To not take skills development for granted, we came up with the Student Development Workshop. The intention was to revisit some of the most basic skills we thought were necessary to be successful and to create authentic learning experiences for student participants. We also thought it best to be taught by those who knew better, and so the workshop hinged on the kind contributions made by various specialists, without whom the workshops would not have been possible. One of our most important criteria when designing the event was to have it away from the university context. We drafted a concept note and approached the Association with the idea, which was eagerly supported. However, the next step was to raise funds, and this became a serious challenge.

 

We approached several organisations and eventually were awarded support from the Palaeontological Scientific Trust, who continued to provide grants for the workshop over the coming years. The first workshop was hosted in 2013 in the Vredefort Dome and it went very well, despite the incredible difficulties we experienced as organisers to get everything to run smoothly, and this laid the foundation for the workshops that came afterwards. Most notably, with the election of a representative group of students to form the first ASAPA Student Council (later renamed to the Southern African Archaeology Student Council [SAASC]).

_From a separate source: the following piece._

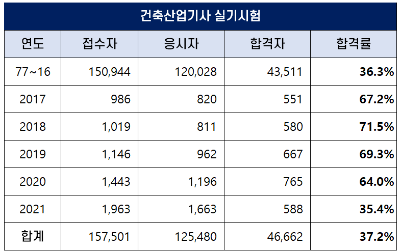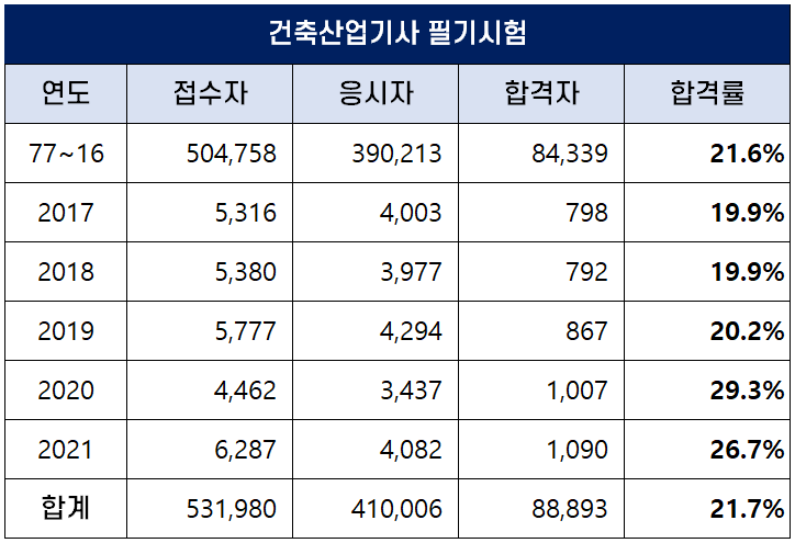 아래 표는 건축산업기사 자격시험이 처음 시행된 1977년부터 2021년까지 역대 건축산업기사 필기시험 접수자, 응시자, 합격자 및 합격률 현황인데요. 평균 필기 합격률은 21.7%입니다.

The workshop has now been running for 11 years, coordinated each year by the current Council members. Over the years, its members collectively represent a range of universities and SADC countries. While the workshop is the main calendar event of the year for Council, they continually create spaces where students can network beyond the annual events, facilitating the growth of a close-knit community. 

We hope the workshop creates a legacy that those that came before us, that inspired us to do more and do better, look back upon proudly.